** Task prompt **
Return the data below unchanged, without images.
——
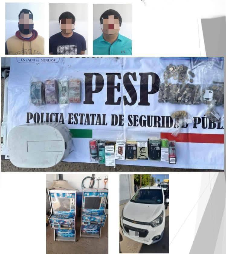 Elementos de la Policía Estatal de Seguridad Pública (PESP) y Fiscalía General de la República (FGR) lograron la detención de Randall Phillip “N”, José Ángel “N” y Luis Guadalupe “N” al asegurarle una caja color blanco para contar monedas, dos máquinas tragamonedas de color rojo, nueve cigarros eléctricos de los denominados “vapeadores”, dos juegos de llaves para cerraduras de diferentes tamaños, 15 mil 813 pesos y el vehículo tipo sedan de la marca Chevrolet en el que se trasladaba.
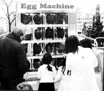日前德国法兰克福市中心出现了一台奇特的自动贩卖机,里面装的是一只只活蹦乱跳的母鸡,但它卖的不是鸡,而是鸡蛋。格子里一共有16只母鸡,它们生的鸡蛋都存在自动贩卖机内,你投币即可得到对应母鸡的鸡蛋。
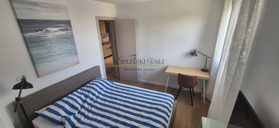 Posredujemo u najmu prekrasnog dvosobnog stana u Splitu - predio Žnjan. Stan se nalazi u novoj zgradi na 4. katu i zapadne je orijentacije. Površine 63 m2 stan se sastoji od hodnika, dvije kupaonice, dvije spavaće sobe i otvorenog koncepta kuhinje, blagovaonice i dnevnog boravka s izlazom na balkon. Stanu pripada i jedno garažno parkirno mjesto povezano liftom.
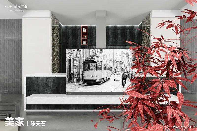 整体布局以居中方正对称为主,电视背景墙大胆采用故宫的宫墙锦红附着金属质感的边线和高级的大理石质感,提炼出故宫上元之夜的尊贵、奢华和活力。
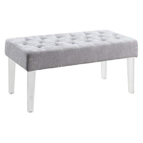 Best Master Furniture Suede Upholstered Tufted Bench With Acrylic Legs Grey
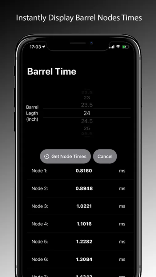 This app gives you a quick reference to barrel node times for 7 nodes of your rifle's harmonics. Can be used in conjunction with reloading software like QuickLoad.
——
** Result for this task **
 Elementos de la Policía Estatal de Seguridad Pública (PESP) y Fiscalía General de la República (FGR) lograron la detención de Randall Phillip “N”, José Ángel “N” y Luis Guadalupe “N” al asegurarle una caja color blanco para contar monedas, dos máquinas tragamonedas de color rojo, nueve cigarros eléctricos de los denominados “vapeadores”, dos juegos de llaves para cerraduras de diferentes tamaños, 15 mil 813 pesos y el vehículo tipo sedan de la marca Chevrolet en el que se trasladaba.
日前德国法兰克福市中心出现了一台奇特的自动贩卖机,里面装的是一只只活蹦乱跳的母鸡,但它卖的不是鸡,而是鸡蛋。格子里一共有16只母鸡,它们生的鸡蛋都存在自动贩卖机内,你投币即可得到对应母鸡的鸡蛋。
 Posredujemo u najmu prekrasnog dvosobnog stana u Splitu - predio Žnjan. Stan se nalazi u novoj zgradi na 4. katu i zapadne je orijentacije. Površine 63 m2 stan se sastoji od hodnika, dvije kupaonice, dvije spavaće sobe i otvorenog koncepta kuhinje, blagovaonice i dnevnog boravka s izlazom na balkon. Stanu pripada i jedno garažno parkirno mjesto povezano liftom.
 整体布局以居中方正对称为主,电视背景墙大胆采用故宫的宫墙锦红附着金属质感的边线和高级的大理石质感,提炼出故宫上元之夜的尊贵、奢华和活力。
 Best Master Furniture Suede Upholstered Tufted Bench With Acrylic Legs Grey
 This app gives you a quick reference to barrel node times for 7 nodes of your rifle's harmonics. Can be used in conjunction with reloading software like QuickLoad.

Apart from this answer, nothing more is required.